■ **RECORDS PROVIDED**
^^^^^^^^^^^^^^^^
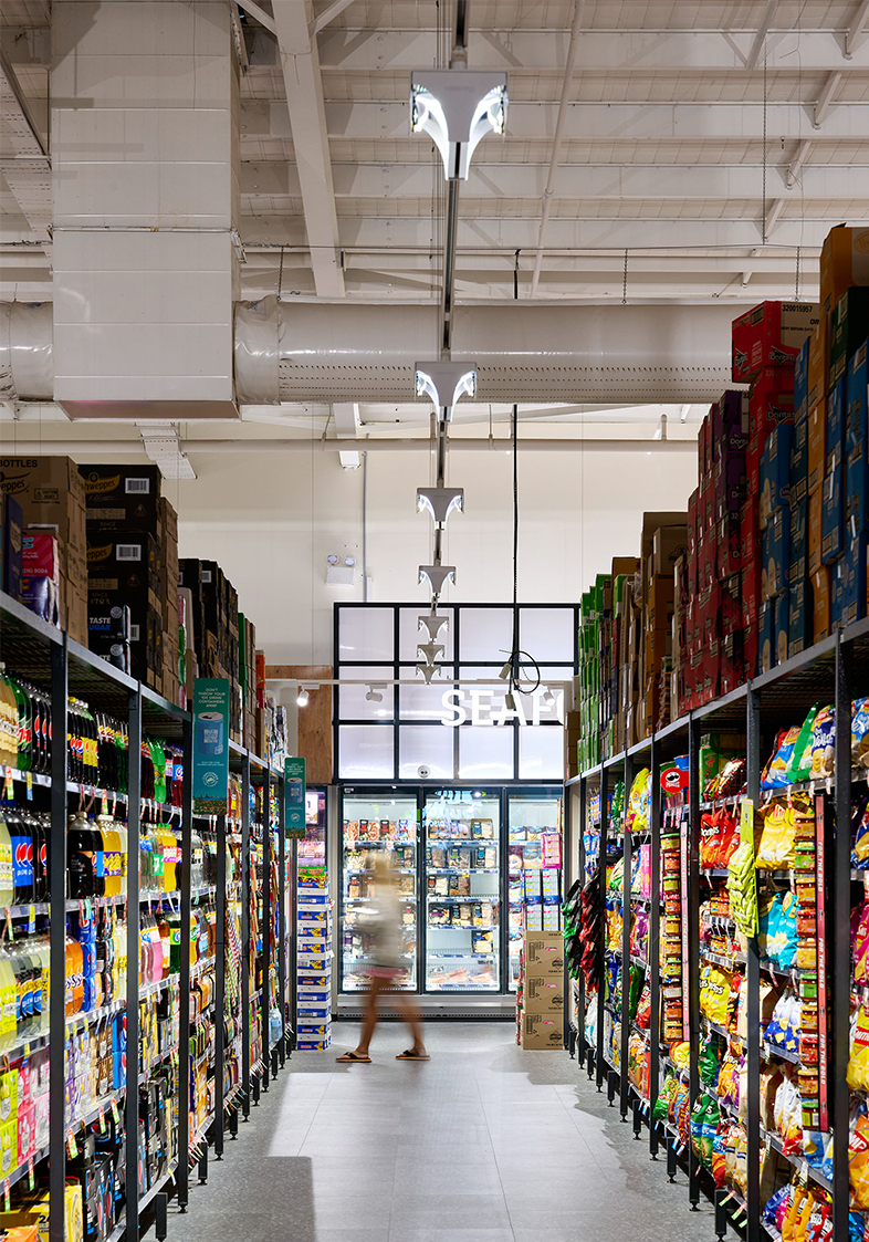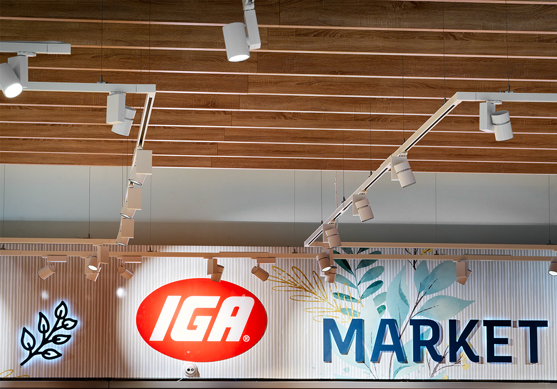 The Kinross IGA store recently underwent a full renovation, which included the installation of architectural light fittings from Ansorg. These light fixtures, from the Navo range, are designed to provide directed lighting that highlights products on the shelves without illuminating excess stock stored above. The renovation also included new flooring, signage, and a ceiling with timber accents, creating a welcoming and unique atmosphere for shoppers.
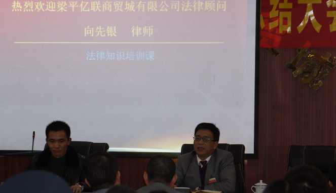合同风险如何防范?企业用工如何规避法律风险?2月7日下午,梁平县亿联商贸城有限公司法律知识培训课精彩开讲,共100余员工参加,并得到该公司法律顾问向先银律师的大力支持。
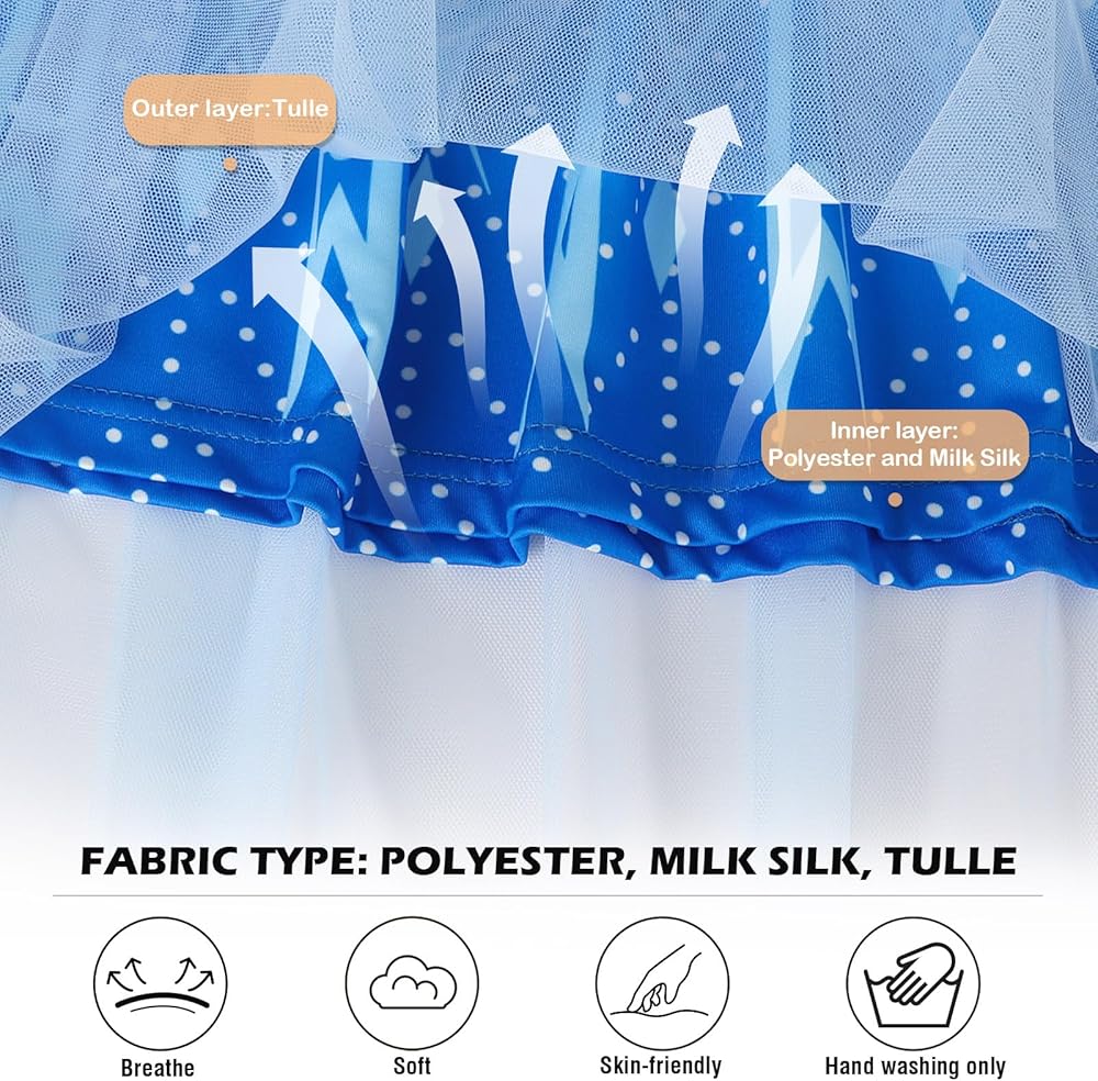 Girls costume dress is made of polyester and milk silk material, with a mesh tulle fabric skirt, breathable lining, comfortable, soft, skin-friendly, not itchy, take care of your child's skin. Adorable and beautiful dress up outfits, make your little girls feel like a real princess!
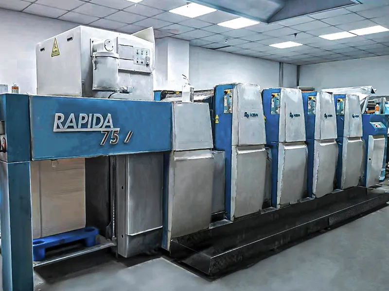 ■मशीनरी:उन्नत मशीनरी से सुसज्जित, जिसमें जर्मनी निर्मित केबीए रैपिडा 75ई (6-रंग) और केबीए रैपिडा 75 (4-रंग) प्रिंटिंग प्रेस के साथ-साथ क्रीज़िंग, डाई-कटिंग और अन्य सहायक उपकरण शामिल हैं।
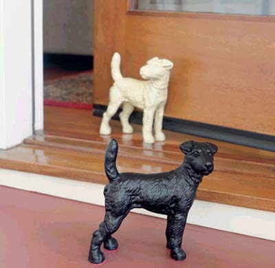 This cast iron terrier is sold by Restoration Hardward and is the hardest working terrier in the world. It's "work" is to hold open doors on breezey days.
^^^^^^^^^^^^^^^^
■ **YOUR TASK**
Reproduce the material in its entirety and word for word, without the pictures.

■ **RESPONSE TO THIS EXERCISE**
 The Kinross IGA store recently underwent a full renovation, which included the installation of architectural light fittings from Ansorg. These light fixtures, from the Navo range, are designed to provide directed lighting that highlights products on the shelves without illuminating excess stock stored above. The renovation also included new flooring, signage, and a ceiling with timber accents, creating a welcoming and unique atmosphere for shoppers.
合同风险如何防范?企业用工如何规避法律风险?2月7日下午,梁平县亿联商贸城有限公司法律知识培训课精彩开讲,共100余员工参加,并得到该公司法律顾问向先银律师的大力支持。
 Girls costume dress is made of polyester and milk silk material, with a mesh tulle fabric skirt, breathable lining, comfortable, soft, skin-friendly, not itchy, take care of your child's skin. Adorable and beautiful dress up outfits, make your little girls feel like a real princess!
 ■मशीनरी:उन्नत मशीनरी से सुसज्जित, जिसमें जर्मनी निर्मित केबीए रैपिडा 75ई (6-रंग) और केबीए रैपिडा 75 (4-रंग) प्रिंटिंग प्रेस के साथ-साथ क्रीज़िंग, डाई-कटिंग और अन्य सहायक उपकरण शामिल हैं।
 This cast iron terrier is sold by Restoration Hardward and is the hardest working terrier in the world. It's "work" is to hold open doors on breezey days.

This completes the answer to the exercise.